Advantages and limitations of magnetic source imaging

Abstract

The term "magnetic source image" (MSI) describes the distribution of neuronal activity in the brain that can be deduced from measurements of the field pattern it produces across the scalp. The signals which provide the basis for an MSI are obtained from the magnetoencephalogram (MEG) which is conventionally recorded with superconducting detectors. Advances in MSI techniques during the past decade have revealed numerous aspects of the functional organization of human sensory systems that were previously unknown. In addition, studies of spontaneous signals, such as those in the alpha bandwidth, have identified specific cortical areas that support rhythmic activity. Extensions of this approach to cognitive research are able to determine the active cortical areas where spontaneous activity is suppressed when a person is engaged in a task such as mental imagery and auditory memory recall. Because only the component of the intracellular current tangential to the overlying skull contributes to the extracranial field, a confined source--modeled as a current dipole--has a characteristic field pattern that simplifies the pattern recognition problem of identifying the underlying sources.

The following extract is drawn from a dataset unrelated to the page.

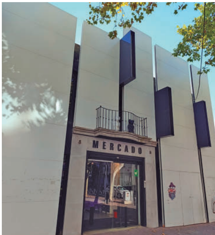
El Espacio Mercado acoge buena parte de la programación cultural

fomento de la lectura. Además, entre los actos previstos más destacados figura 'La rabia se volvió poesía'. Se trata de un particular homenaje al fallecido músico Robe Iniesta, líder de Extremoduro, que tendrá lugar el próximo viernes 24 de abril a las 18:30 horas, en el Centro Cívico de La Alhóndiga. El programa

This advantage is illustrated by the identification of simultaneously active sources in auditory primary and association cortex. Their separate localization makes it possible to characterize their functional differences. Because the source strength in an MSI may be inferred without knowledge of the electrical conductivities of intervening tissue, it is also possible to estimate the extent of cortical involvement. From the tangential source strength in an MSI, it is possible in most cases to determine the total source strength by taking account of the orientation of the cortical surface. This provides an objective, quantitative measure of the strength of neuronal activity. At present, the major limitation in more extensive use of MSI is the cost of instrumentation. While it requires no contact with the head, and measurements can commence within a few minutes of the arrival of the subject or patient, the present cost of a large array of sensors is two to three million dollars.